Сто первых дней своей жизни я провел в кювете с подогревом для недоносков, окруженный такого рода нескончаемыми заботами, какие потом преследовали меня повсюду, отчего само понятие женщины и любое проявление чувства стали внушать мне отвращение. Позднее в замке Фешервар, в прессбургской тюрьме, в моей здешней хижине – везде слуги, охранники, солдаты, медбратья и медсестры, наемные работники всех мастей, странно похожие друг на друга, безостановочно расточали мне одни и те же услуги, чем доводили до полного изнеможения. Все всегда делается во имя Императора, Правосудия или Общества. Просто меня никак не хотят оставить в покое и позволить жить по своему разумению! Если моя свобода стесняет кого-то в отдельности или мир в целом, знаете, мне лично на это наплевать, ведь меня можно просто расстрелять, я был бы даже рад. Впрочем, не обязательно расстрелять, я равно приемлю всякий выход. Невелика разница, сидеть здесь либо еще где – нибудь, на свободе или в тюрьме, главное – чувствовать себя счастливым; при взгляде извне жизнь становится всего лишь внутренним делом, хотя ее интенсивность от этого не меняется. И знаете, даже странно бывает порой, когда видишь, где способно укрыться истинное счастье.

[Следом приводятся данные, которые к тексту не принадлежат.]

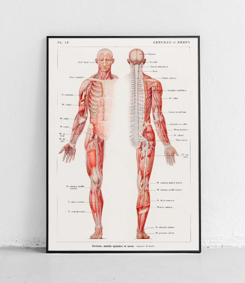 Plakat z reprodukcją ilustracji przedstawiającej układ nerwowy człowieka wykonanej w 1912 roku. Autorem ilustracji jest Galtier-Boissière i Émile.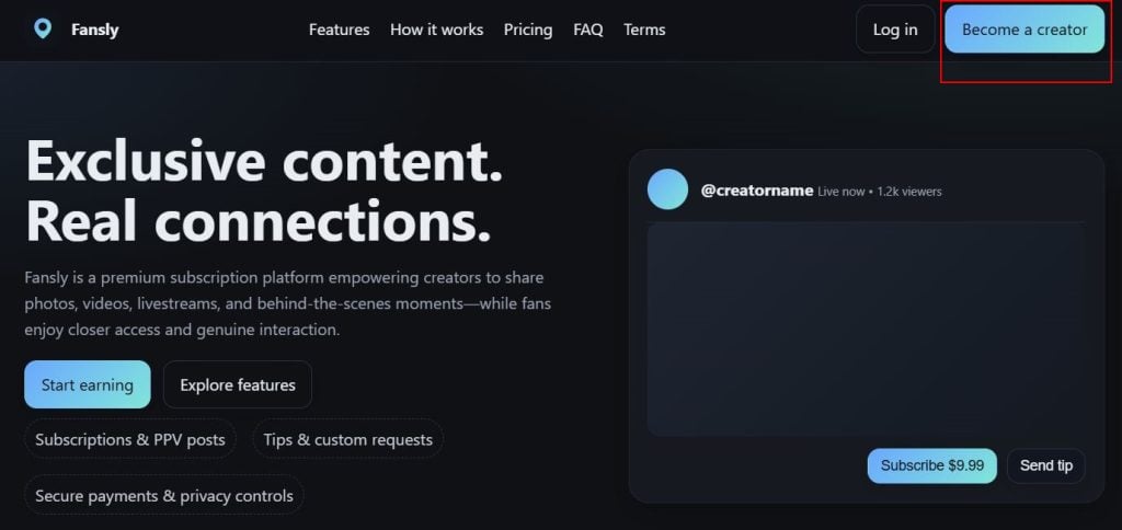 Fansly. A platform that operates on the same subscription and pay-per-view (PPV) model, but is often considered more loyal to content creators. The site has a flexible subscription system: you can create multiple access levels on a single profile with different content rules. This allows you to offer cheap entry and upsell premium fans.

Как я вам уже говорил, мне неизвестно, кто занимался мной в первые годы моего детства. Обычные наемники. Я все время был отдан на откуп наемникам. Не помню ни кормилицу, ни какую-нибудь любимую служанку. Меня держало в руках столько людей, ощупывало так много ладоней! Ни одно человеческое лицо никогда не склонялось над моей колыбелью, разве что зад. Да, так и было. Я хорошо помню себя уже в три года. Я был одет в коротенькую розовую юбочку. Всегда один. Я любил одиночество, любил играть в темных уголках, где интересно пахло, под столом, в шкафу. За спинкой кровати. В четыре года я уже поджигал ковер: маслянистый запах обуглившейся шерсти был мне приятен до содрогания, горелый ворс обольстительно хорошо пахнул. Я пожирал лимоны вместе с кожурой и сосал кусочки кожи. А еще голова сладко кружилась от запаха старых книг. У меня была собака. Но нет, постойте. Это уже потом, гораздо позже одна собака стала товарищем моих игр. Помню, что сильно заболел, и не могу забыть пресный до одури вкус молока с апельсиновыми цветками, которым меня тогда отпаивали.

Бывший некогда королевской резиденцией, замок Фешервар уже довольно долго служил местом ссылки для моего давно низложенного семейства. Огромные залы всегда пустовали. В них только кишела многочисленная прислуга, щеголяя короткими ливрейными кюлотами и белыми чулками, не говоря уже о сюртуках с широкими позументами из золотой канители, расшитых двуглавыми орлами. Но на всех выходах из парка тем не менее стояла пехота. По очереди сторожить замок являлись то гусары, то беломундирные кирасиры.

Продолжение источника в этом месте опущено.